Only the lines below from the one that contains "3年生会場中継(上)、専門委" through the one that contains "Molecular dynamics simulations" should appear in your answer, exact and without pictures.

++++ LISTED ENTRIES

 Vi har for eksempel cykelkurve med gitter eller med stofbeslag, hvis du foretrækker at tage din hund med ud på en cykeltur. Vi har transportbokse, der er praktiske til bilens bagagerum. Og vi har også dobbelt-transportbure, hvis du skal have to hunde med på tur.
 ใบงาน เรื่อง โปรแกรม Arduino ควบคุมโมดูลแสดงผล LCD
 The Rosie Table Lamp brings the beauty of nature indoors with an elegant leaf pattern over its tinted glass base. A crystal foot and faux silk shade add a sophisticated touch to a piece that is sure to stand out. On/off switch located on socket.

++++++++
++++ LISTED ENTRIES

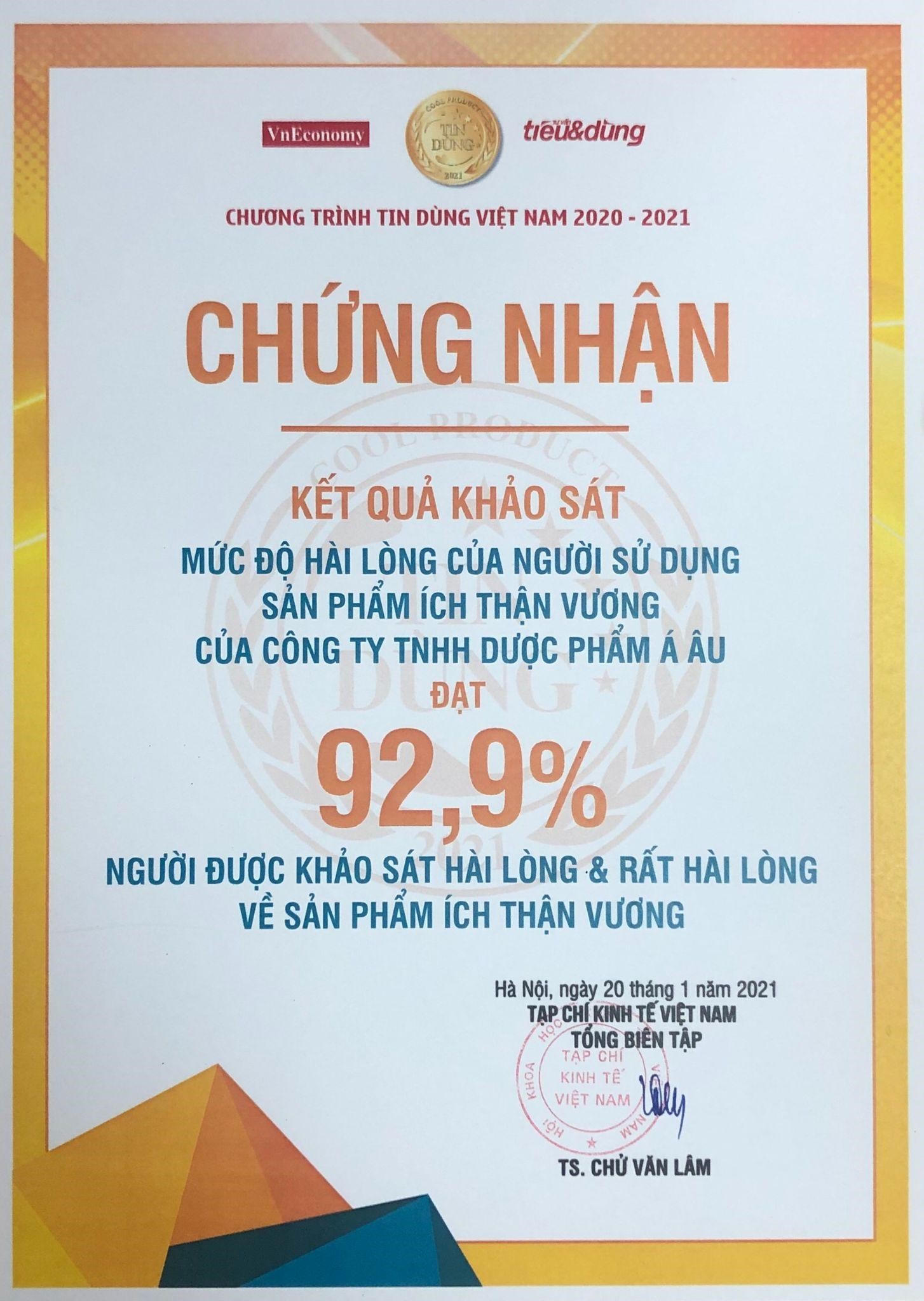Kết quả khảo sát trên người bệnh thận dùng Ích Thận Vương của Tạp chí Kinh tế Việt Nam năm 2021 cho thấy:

++++++++
++++ LISTED ENTRIES

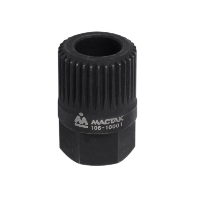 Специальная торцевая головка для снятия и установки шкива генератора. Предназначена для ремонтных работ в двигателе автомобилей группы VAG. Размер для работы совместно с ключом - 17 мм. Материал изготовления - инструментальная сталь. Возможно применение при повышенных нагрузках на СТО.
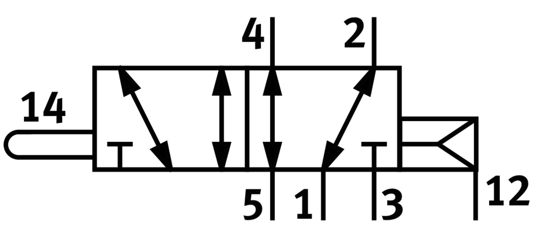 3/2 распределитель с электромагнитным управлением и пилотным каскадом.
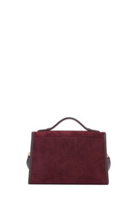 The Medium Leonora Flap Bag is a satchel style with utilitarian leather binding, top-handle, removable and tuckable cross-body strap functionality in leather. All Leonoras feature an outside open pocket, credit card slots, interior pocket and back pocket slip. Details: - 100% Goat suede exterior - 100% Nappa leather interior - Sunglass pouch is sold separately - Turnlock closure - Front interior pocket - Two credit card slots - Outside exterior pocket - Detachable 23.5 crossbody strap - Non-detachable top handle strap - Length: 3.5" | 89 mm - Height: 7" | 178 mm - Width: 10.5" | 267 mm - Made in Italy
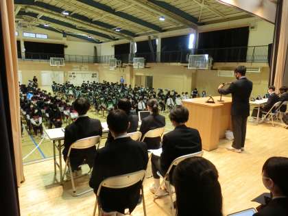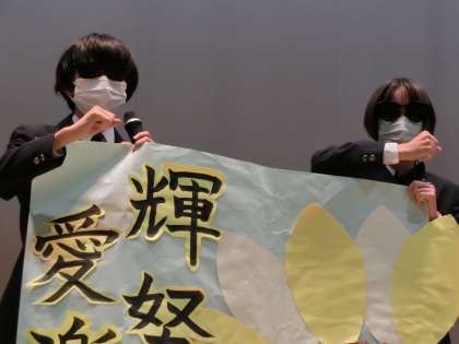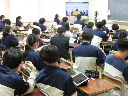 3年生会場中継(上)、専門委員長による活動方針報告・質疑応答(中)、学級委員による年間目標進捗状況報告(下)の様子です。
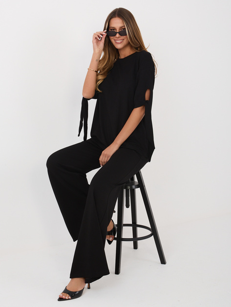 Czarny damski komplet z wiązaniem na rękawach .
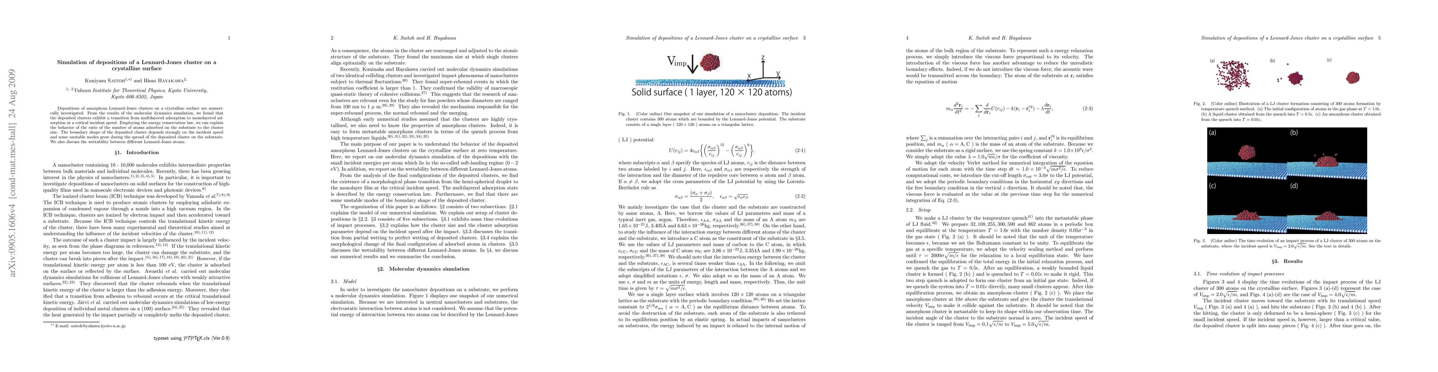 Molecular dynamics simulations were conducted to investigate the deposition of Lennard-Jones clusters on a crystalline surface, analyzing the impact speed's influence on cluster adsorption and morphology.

++++++++

ANSWER SPACE:
 3年生会場中継(上)、専門委員長による活動方針報告・質疑応答(中)、学級委員による年間目標進捗状況報告(下)の様子です。
 Czarny damski komplet z wiązaniem na rękawach .
 Molecular dynamics simulations were conducted to investigate the deposition of Lennard-Jones clusters on a crystalline surface, analyzing the impact speed's influence on cluster adsorption and morphology.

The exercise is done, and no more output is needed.